What you will do: Where a record holds a picture, leave the picture out; otherwise repeat every record exactly.

Task data:
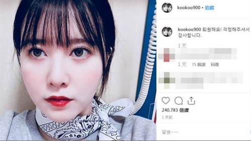具惠善出院晒自拍 已悄悄删光“安宰贤外遇”内容
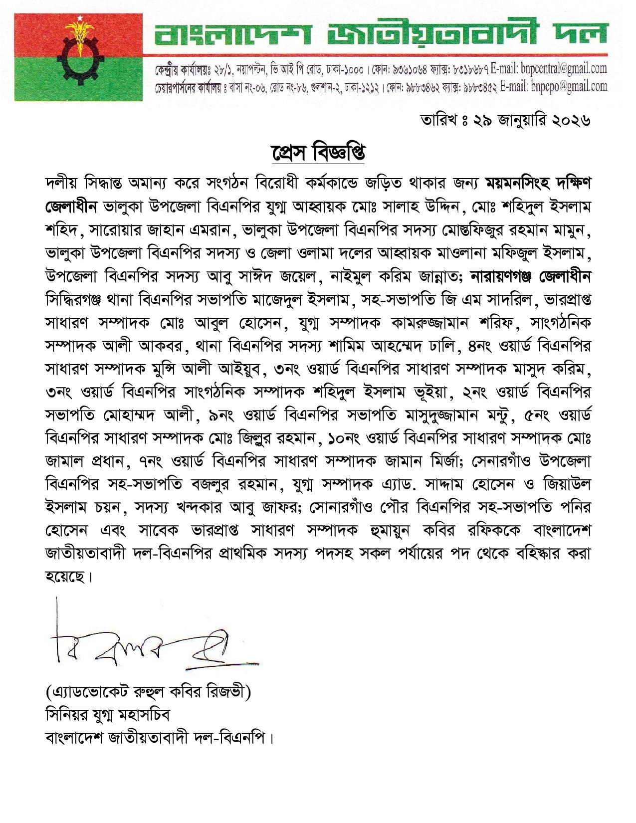 দলীয় সিদ্ধান্ত অমান্য ও সংগঠনবিরোধী কর্মকাণ্ডে জড়িত থাকার অভিযোগে বাংলাদেশ জাতীয়তাবাদী দল (বিএনপি) ময়মনসিংহ, নারায়ণগঞ্জের বিভিন্ন উপজেলা ও ওয়ার্ডের ২৭ নেতা-কর্মীকে বহিষ্কার করেছে। বৃহস্পতিবার (২৯ জানুয়ারি) বিএনপির সিনিয়র যুগ্ম মহাসচিব অ্যাডভোকেট রুহুল কবির রিজভী স্বাক্ষরিত এক প্রেস বিজ্ঞপ্তির মাধ্যমে এ সিদ্ধান্তের কথা জানানো হয়।
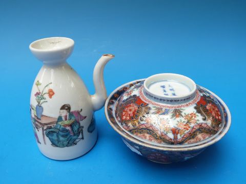 A fine 19thC / 20thC Japanese Imari lidded bowl with faux Ming mark and a Chinese teapot
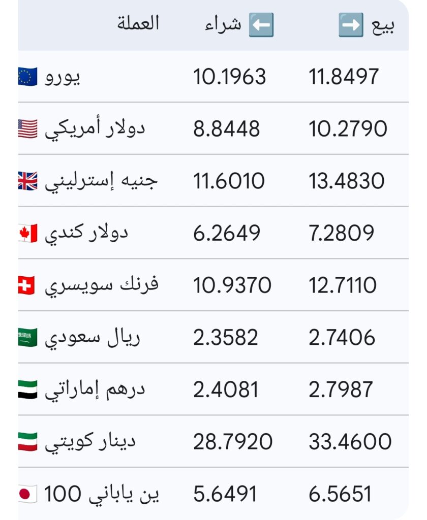 وتُعد هذه الأسعار بمثابة الأسعار المرجعية، مع التنويه إلى أن أسعار البيع والشراء الفعلية في البنوك ومؤسسات الصرف قد تختلف قليلاً.
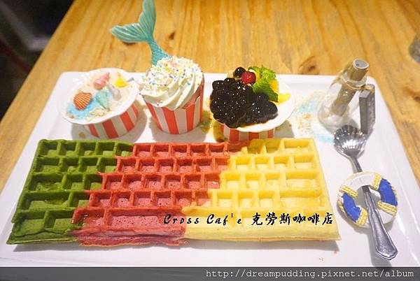 克勞斯咖啡店Cross Caf'e一直是口袋名單,之前來台北都列在行程裡,但都陰錯陽差的沒能去成,這次總算是吃到我心心念念想很久的鍵盤鬆餅啦(灑花)
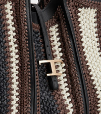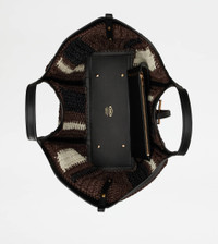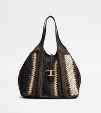 T TIMELESS SHOPPING BAG IN RAFFIA AND LEATHER MEDIUM - BLACK, BROWN, WHITE
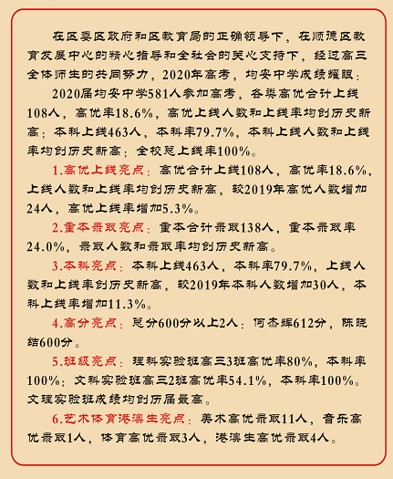 2021屆高三年級(jí)學(xué)子們將不辱使命,明年的六月你們定會(huì)在高考中旗開(kāi)得勝,金榜題名,創(chuàng)造均安中學(xué)的新輝煌!

Written response:
具惠善出院晒自拍 已悄悄删光“安宰贤外遇”内容
 দলীয় সিদ্ধান্ত অমান্য ও সংগঠনবিরোধী কর্মকাণ্ডে জড়িত থাকার অভিযোগে বাংলাদেশ জাতীয়তাবাদী দল (বিএনপি) ময়মনসিংহ, নারায়ণগঞ্জের বিভিন্ন উপজেলা ও ওয়ার্ডের ২৭ নেতা-কর্মীকে বহিষ্কার করেছে। বৃহস্পতিবার (২৯ জানুয়ারি) বিএনপির সিনিয়র যুগ্ম মহাসচিব অ্যাডভোকেট রুহুল কবির রিজভী স্বাক্ষরিত এক প্রেস বিজ্ঞপ্তির মাধ্যমে এ সিদ্ধান্তের কথা জানানো হয়।
 A fine 19thC / 20thC Japanese Imari lidded bowl with faux Ming mark and a Chinese teapot
 وتُعد هذه الأسعار بمثابة الأسعار المرجعية، مع التنويه إلى أن أسعار البيع والشراء الفعلية في البنوك ومؤسسات الصرف قد تختلف قليلاً.
 克勞斯咖啡店Cross Caf'e一直是口袋名單,之前來台北都列在行程裡,但都陰錯陽差的沒能去成,這次總算是吃到我心心念念想很久的鍵盤鬆餅啦(灑花)
 T TIMELESS SHOPPING BAG IN RAFFIA AND LEATHER MEDIUM - BLACK, BROWN, WHITE
 2021屆高三年級(jí)學(xué)子們將不辱使命,明年的六月你們定會(huì)在高考中旗開(kāi)得勝,金榜題名,創(chuàng)造均安中學(xué)的新輝煌!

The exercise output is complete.